■ Action item: For the material below, return exactly the lines starting at the line containing "Biedronki oglądające wystawę." and ending at the line containing "Aby szopki mogły", both ends included, and no others.

■ Provided records:
"""

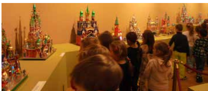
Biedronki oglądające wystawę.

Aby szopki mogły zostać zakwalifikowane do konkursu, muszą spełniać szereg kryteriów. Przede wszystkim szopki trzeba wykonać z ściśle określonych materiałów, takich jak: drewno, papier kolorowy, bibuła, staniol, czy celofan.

"""
"""

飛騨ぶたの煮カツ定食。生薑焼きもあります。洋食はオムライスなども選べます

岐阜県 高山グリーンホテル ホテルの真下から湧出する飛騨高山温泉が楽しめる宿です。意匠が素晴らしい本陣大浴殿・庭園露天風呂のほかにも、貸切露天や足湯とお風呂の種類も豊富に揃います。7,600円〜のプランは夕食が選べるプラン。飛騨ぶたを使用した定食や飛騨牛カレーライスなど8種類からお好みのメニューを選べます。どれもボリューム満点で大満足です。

"""

■ Output:
Biedronki oglądające wystawę.

Aby szopki mogły zostać zakwalifikowane do konkursu, muszą spełniać szereg kryteriów. Przede wszystkim szopki trzeba wykonać z ściśle określonych materiałów, takich jak: drewno, papier kolorowy, bibuła, staniol, czy celofan.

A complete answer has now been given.